══ STORED DATA ══

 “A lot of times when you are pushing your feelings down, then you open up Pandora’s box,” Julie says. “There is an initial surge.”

═══
══ STORED DATA ══

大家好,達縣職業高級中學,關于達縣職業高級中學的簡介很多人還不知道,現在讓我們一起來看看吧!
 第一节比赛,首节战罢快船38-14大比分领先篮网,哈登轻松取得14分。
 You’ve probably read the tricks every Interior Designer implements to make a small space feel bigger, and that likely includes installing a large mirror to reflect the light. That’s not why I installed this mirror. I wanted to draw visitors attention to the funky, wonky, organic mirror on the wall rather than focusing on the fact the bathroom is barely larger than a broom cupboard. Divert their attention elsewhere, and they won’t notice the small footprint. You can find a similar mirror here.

═══
══ STORED DATA ══

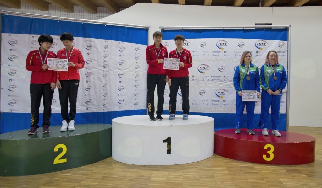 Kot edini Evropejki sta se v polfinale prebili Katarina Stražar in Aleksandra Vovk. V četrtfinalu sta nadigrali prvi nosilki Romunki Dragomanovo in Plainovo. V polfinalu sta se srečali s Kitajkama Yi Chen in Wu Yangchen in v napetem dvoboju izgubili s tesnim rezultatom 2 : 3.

═══

ASSIGNMENT: Retype only this portion of the data above: the line containing "大家好,達縣職業高級中學,關", the line containing "第一节比赛,首节战罢快船38-14大比分领先篮网,哈登轻松取得14分。", and all lines between them, exactly.

RESPONSE TO THE TASK:
大家好,達縣職業高級中學,關于達縣職業高級中學的簡介很多人還不知道,現在讓我們一起來看看吧!
 第一节比赛,首节战罢快船38-14大比分领先篮网,哈登轻松取得14分。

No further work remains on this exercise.